What is it like to create a satiating environment full of risk, splendor and charm only to watch us pollute because we want more and more and more and more and more plastic upon plastic upon plastic upon plastic? What is it like to create safe places and watch us desecrate them with our emotional baggage, physical trash, and political circuses? What is it like to love us deeply, profoundly, completely, wholly, purely, understanding that we see you as a trite God only offering religion? What is it like to view the vast gulf between your expression of love and our knee jerk reactions to sin? What is like to walk among your creation and experience our shunning?

What is it like to describe and demonstrate love only to watch us redefine, creating overwhelmed and underpaid social service departments? What is it like to know our disgusting words before they come out of our disgusting mouths? What is it like to watch us lie to one another in your sacred places? What is it like to witness our heart adulteries and then watch us shun anyone caught in the act?

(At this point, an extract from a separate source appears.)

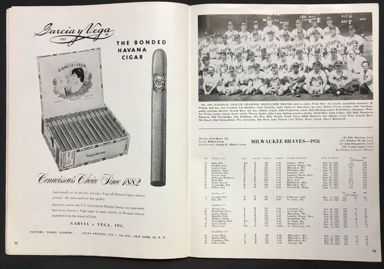 1958 World Series Baseball Program Yankees Stadium New York vs Milwaukee Braves
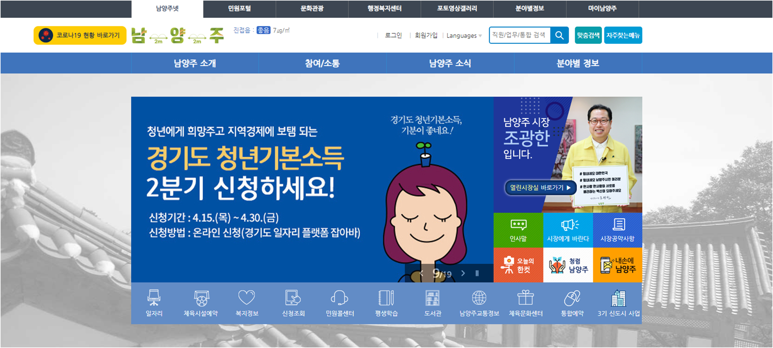 남양주시청 홈페이지에는 구민을 위한 다양한 정보와 서비스가 곳곳에 존재합니다. 이러한 정보/서비스 기능이 무려 백가지가 넘을 정도로 굉장히 많은데, 본 글에서는 그 중에서 시민들이 유용하게 이용하는 자주찾는 메뉴 5가지만 꼽아서 어떠한 내용이 있는지 한 번 확인해 보도록 하겠습니다.

Honestly? How do you do this? For you have so many problems. You have so many complaints. You have so many returns handing in glory for cheap expressions of love. Or just telling you straight up - You don't work. Because all we want is something tangible. Faith is way too hard.

But you desire relationships. And this is at the risk of discord, evil, and harm. You give us freedom of choice with all the necessary boundaries, helps, insights, instructions, written accounts to warn, to enlighten, to inspire, to strengthen. And you fully understand the risk of free love, free will, free choice. It is evil, heartache, pain, turmoil, refugees, sickness, and suffering.

At the first ancient moment we decided not to listen or consult you, you began to grieve. Only you understood the terrible outcome. At that very moment we decided not to look to our Creator. We created evil, human style. God had nothing to do with it. Only a God desiring relationships creates humans with the capacity to not choose Him, to not choose life, to not choose freedom, to choose justice, to not choose truth. Who else in their right mind would desire love bonds at the risk of this? But His mind is righteous and this we can only understand through His son.

Father you risked it all for all of us. How you did this will never cease to amaze me!